Provided material below:
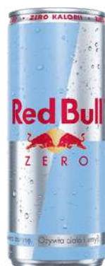
RED BULL ZERO 250ML 24/2592
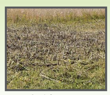
- Brush Suppression -
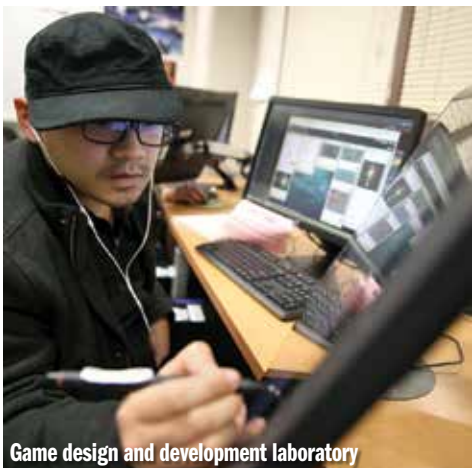
Game design and development laboratory

Total Degrees Available for Employment Minorities in program Males in program Females in program Employed Related to Major Employed Unrelated to Major Continuing Education Seeking Employment Percent Employed or Continuing Education Average Salary K-$1,000
End of Provided material.
Print the material above once more, exactly, minus the pictures.

RED BULL ZERO 250ML 24/2592
- Brush Suppression -
Game design and development laboratory

Total Degrees Available for Employment Minorities in program Males in program Females in program Employed Related to Major Employed Unrelated to Major Continuing Education Seeking Employment Percent Employed or Continuing Education Average Salary K-$1,000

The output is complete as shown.